What Are MERV Ratings and What Rating Is Best for Me?

Once you find your old furnace filter and figure out when it should be substituted for a clean one, it’s time to select a replacement. That means determining the level of filtration that you need. One approach to this is by selecting an appropriate MERV rating for your needs.

MERV is an abbreviation for Minimum Efficiency Reporting Values. The MERV rating calculates the effectiveness of air filters at trapping airborne molecules. The rating scale ranges from 1 to 20, with bigger numbers indicating the power to filter tinier particles.
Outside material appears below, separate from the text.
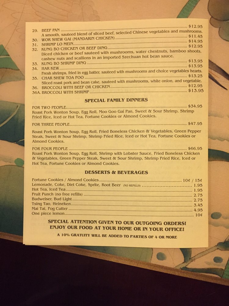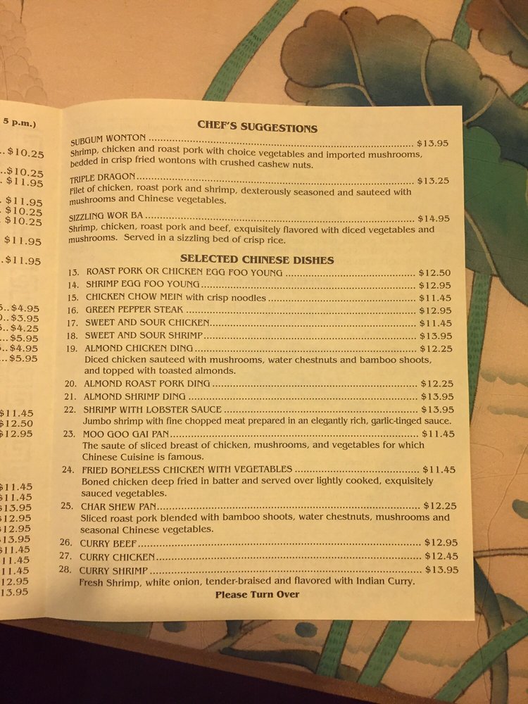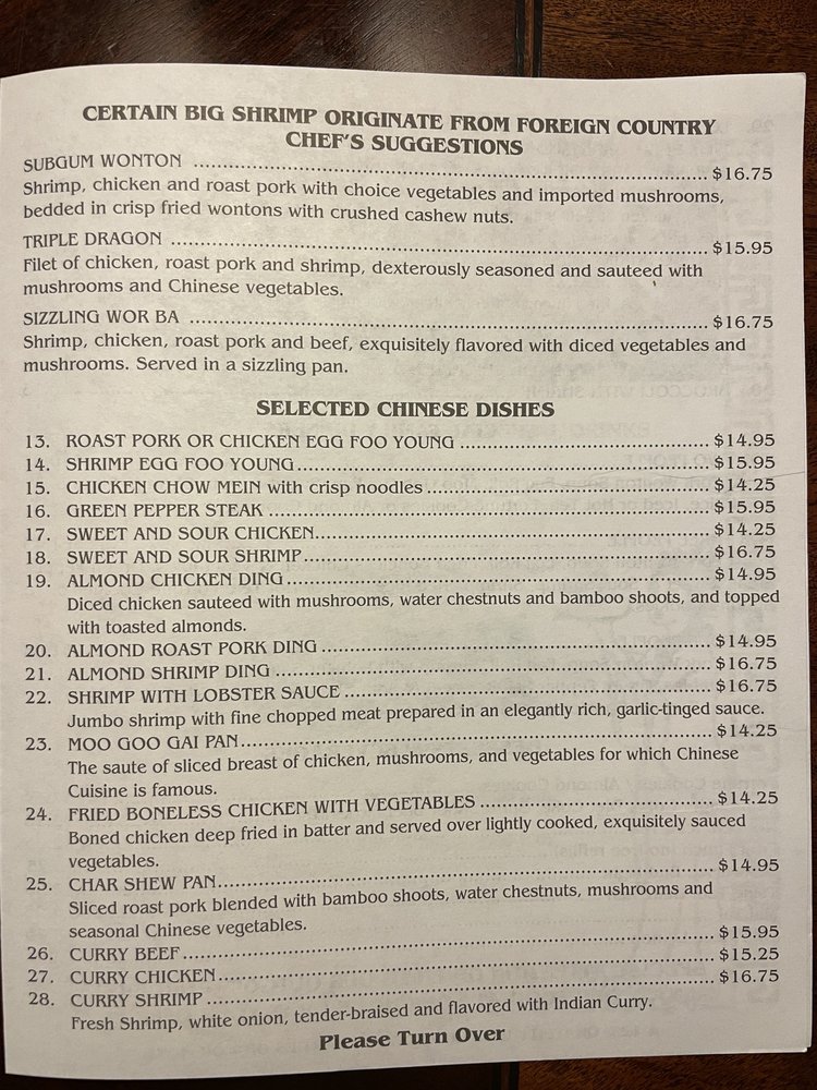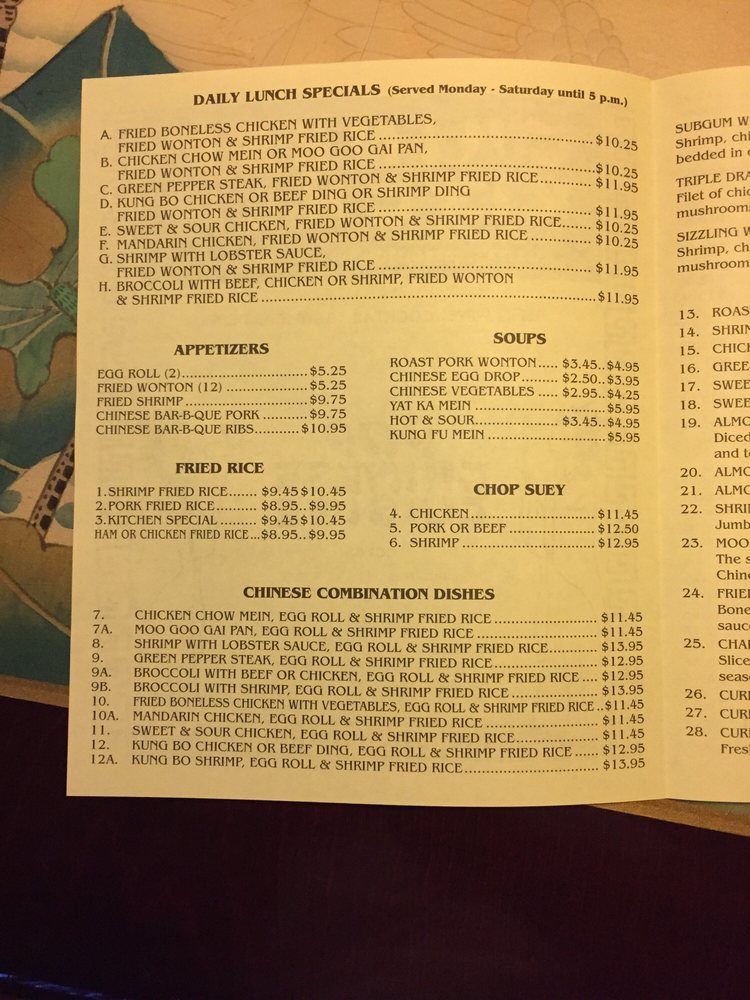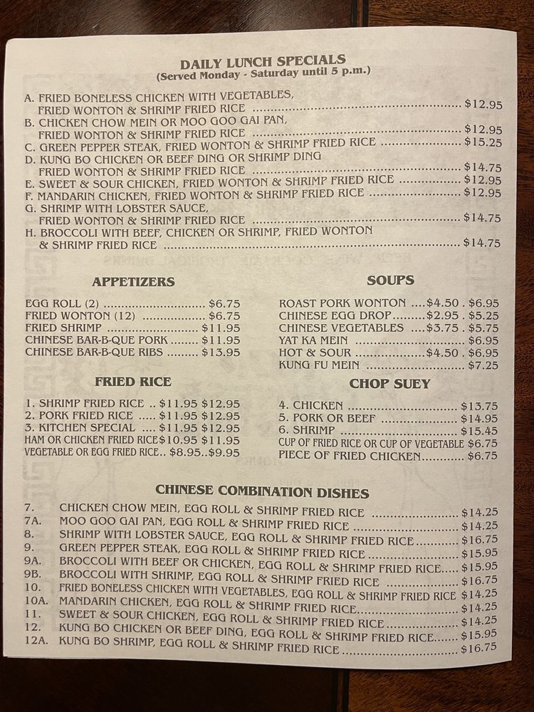 Roast pork wonton soup, egg roll, shrimp with lobster sauce, fried boneless chicken and vegetables, green pepper steak, sweet and sour shrimp, shrimp fried rice

Experts say a filter with a MERV rating between 8 and 13 offers an appropriate balance between having healthy indoor air quality without needlessly restricting airflow. However, people with certain health conditions could need a a higher MERV rating.
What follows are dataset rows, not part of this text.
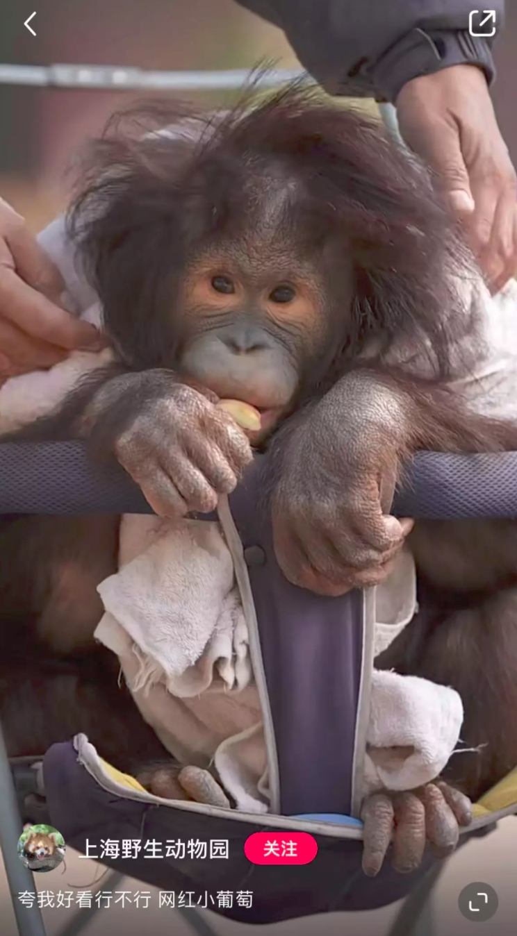 上海野生动物园在疫情期间开设直播。每天早上9点,网友线上蹲守动物朋友们,看“西瓜粉碎机”河马吃一半漏一半,看精灵古怪的狐猴争抢早饭……直播还培养出了一位网红——红毛猩猩“小葡萄”,它用不同于刻板印象的反差萌淑女气质征服了网友。
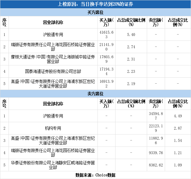 上交所2026年1月5日交易公开信息显示,五洲新春因属于当日换手率达到20%的证券而登上龙虎榜。五洲新春当日报收74.20元,涨跌幅为6.03%,换手率28.19%,振幅12.82%,成交额77.07亿元。
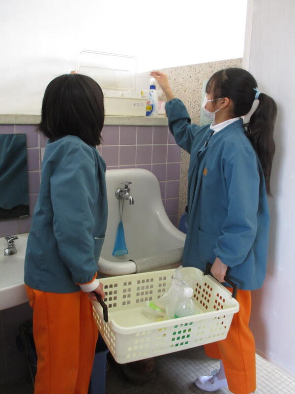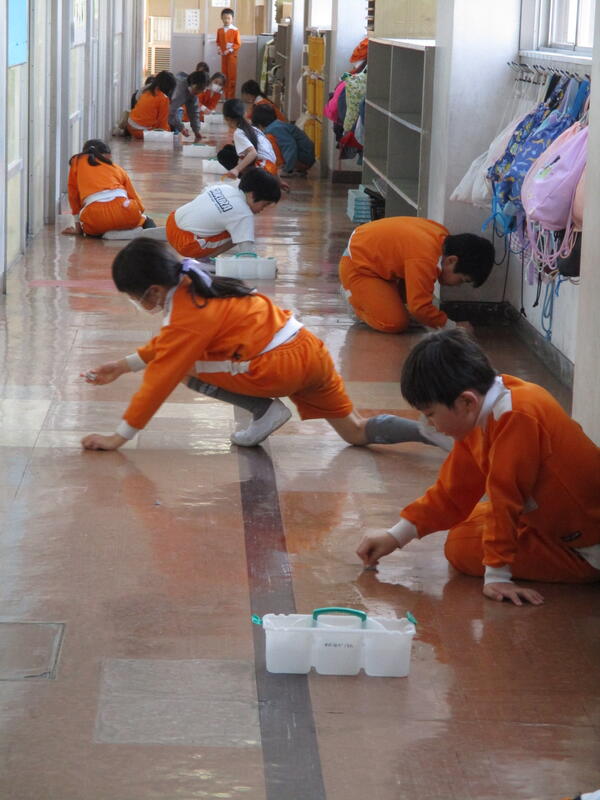 11月12日(火)、上名倉東部千寿会様から、雑巾百五十枚を寄贈していただきました。6年生の保健委員長が、代表していただきました。環境美化に向けて使わせていただきます。ありがとうございました。
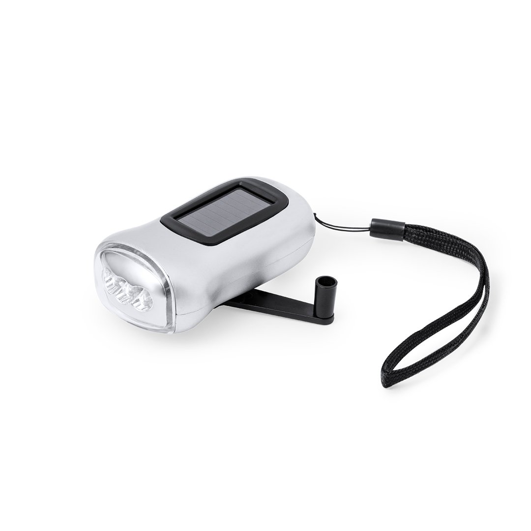 Linterna solar de mano, fabricada en resistente ABS. Su versatilidad con su doble función de carga: mediante la placa solar incorporada y de forma manual gracias a la dinamo integrada, ofreciendo una fuente de energía limpia y renovable reduciendo el consumo de pilas. Equipada con 3 potentes luces LEDs y un cordón que asegura un agarre firme para mayor comodidad. Presentada en caja de diseño kraft.

Which Way to Put the Air Filter in a Furnace or Air Conditioner

Putting an air filter in a furnace or air conditioner properly is important for the efficient operation of the unit. Air filters have a specific direction, indicated by an arrow printed on the side of the filter frame. The filter should be put in with this arrow pointing in the direction of the furnace or air conditioner, which is the direction of the airflow. If you're unsure about the airflow direction, it may be helpful to remember that air always moves from the return duct towards the heat or cooling source. Therefore, make sure the arrow points in the direction of the furnace or AC.

Many people are confused by which direction to point their system's air filter. To help remember, consider snapping a quick photo with your cell phone after the filter has been properly installed by a professional. Or, you also could ask a technician to use a marker to write on the outside of your furnace which direction the filter should point. A perfect time to inquire about this is during a routine furnace maintenance appointment.
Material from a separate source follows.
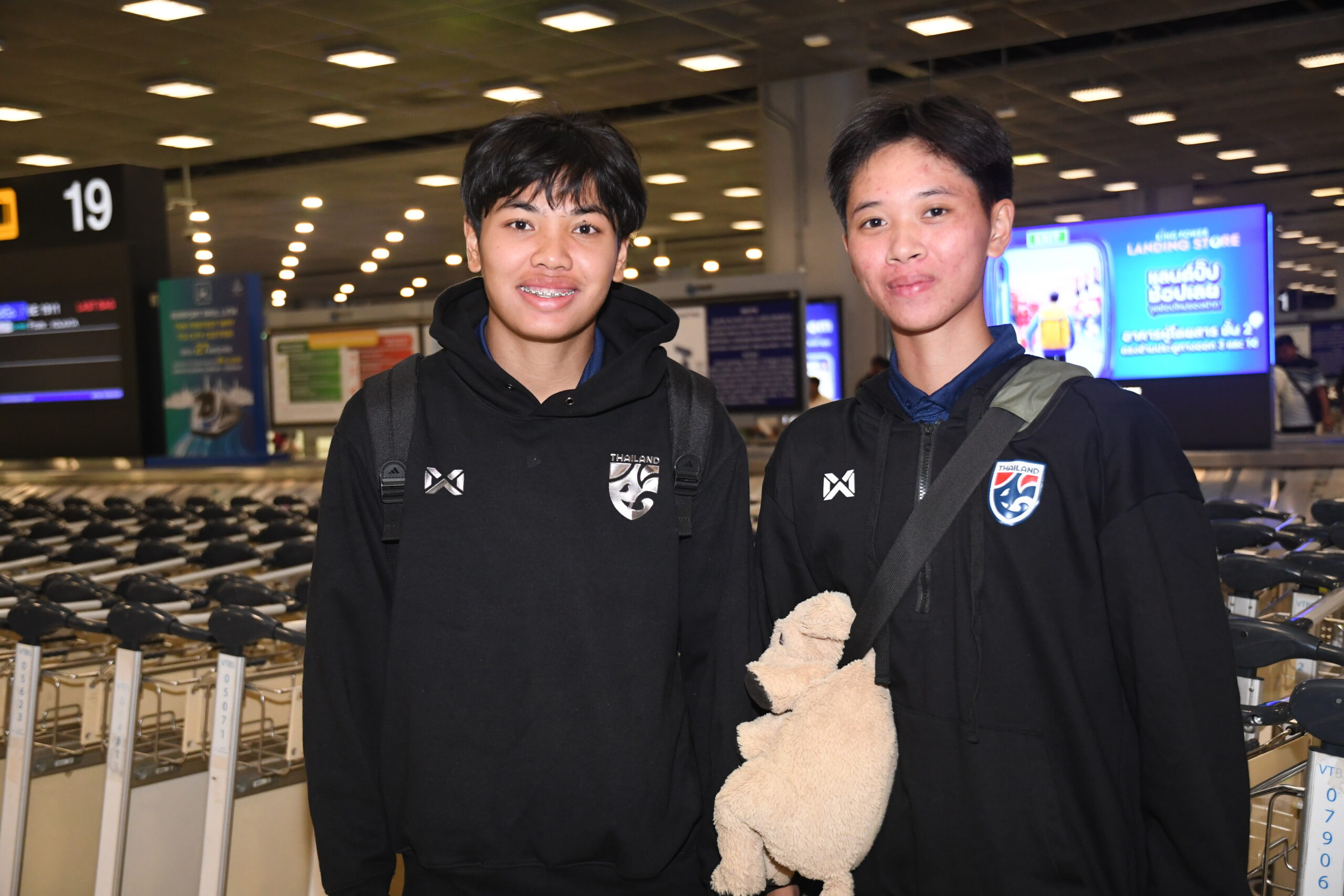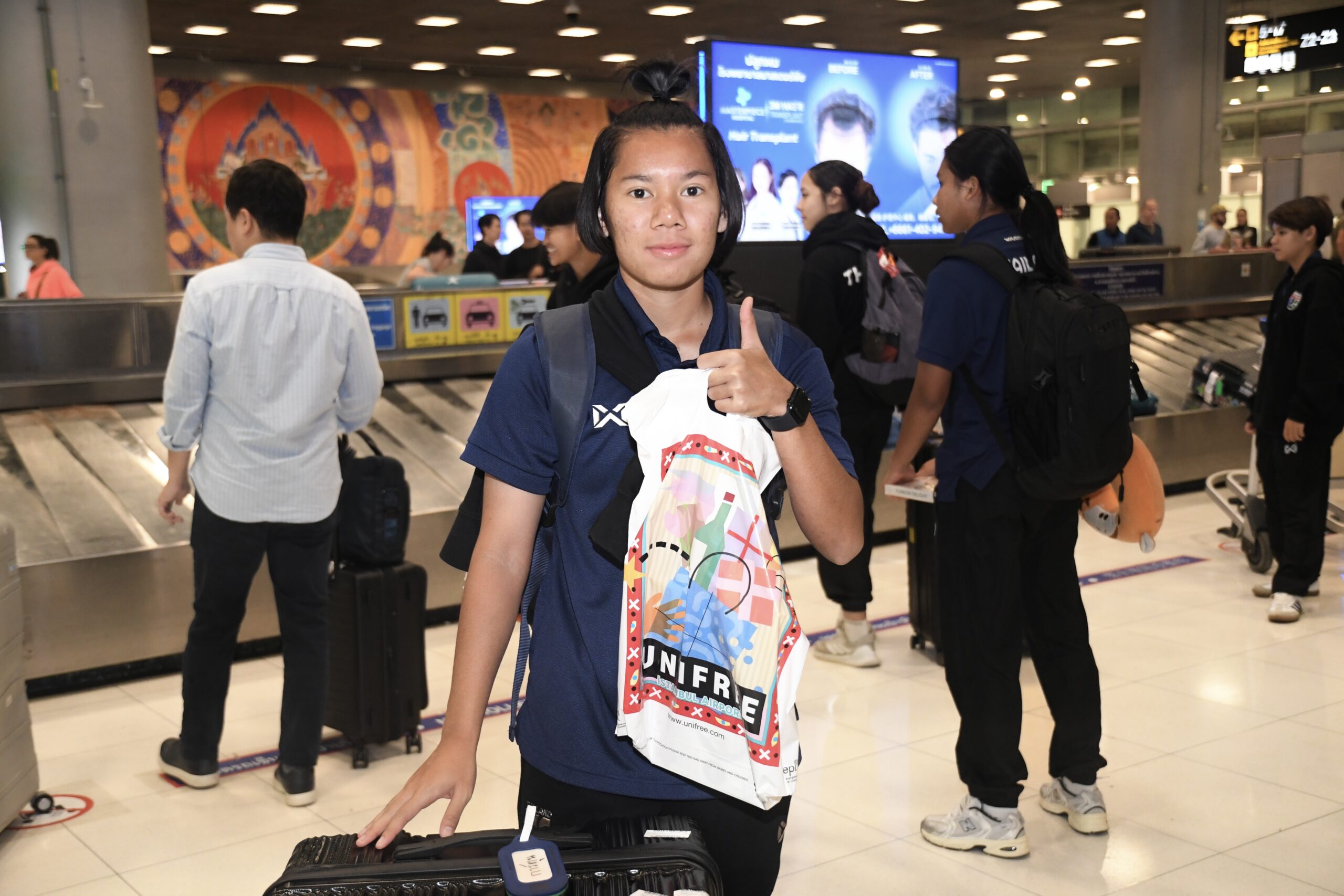 วันที่ 8 มีนาคม 2569 เวลา 05.00 น. ณ ท่าอากาศยานนานาชาติสุวรรณภูมิ ฟุตบอลหญิงทีมชาติไทย รุ่นอายุไม่เกิน 20 ปี เดินทางกลับถึงประเทศไทยเป็นที่เรียบร้อยแล้ว หลังเสร็จภารกิจการแข่งขัน ฟุตบอลอุ่นเครื่องรายการ BEE GIRLS TROPHY 2026 ณ เมืองอัลตันย่า ประเทศตุรกี

Changing Your Furnace's Air Filter

Replacing the filter on your furnace or AC is a quick and easy process. Here is a step-by-step list of how to take out a dirty air filter and replace it with a new one:

  1. Turn off your furnace: Be sure to switch off your furnace before beginning the process.
  2. Find the furnace filter: Typically, the filter is located in the furnace or in the air return vent. Make a mental note or write down which direction the arrow points on the filter, because you’ll want the arrow on the clean filter to point in the same direction.
  3. Slide out the old filter: Be diligent not to knock out any dust or dirt.
  4. Document the date: Write down the date you changed filters on the new filter's frame. This will help your family keep track of when it's time for you to change it again.
  5. Insert new filter: Put in the new filter with the arrow pointing in the direction of the furnace, which is the direction of airflow and should be the same direction the arrow pointed on the dirty filter you just removed.
  6. Secure the filter: Make sure the new filter fits correctly and close any latches or clips that lock it in the unit.
  7. Turn on your furnace: Once the new filter is safely installed, you can turn your furnace back on.

Can a Dirty Air Filter Damage My Furnace?

The short answer is, yes, a dirty air filter can cause a furnace to quit working or shorten its lifespan. Changing your furnace or AC filter is one of the simplest things you can do to keep your system running efficiently.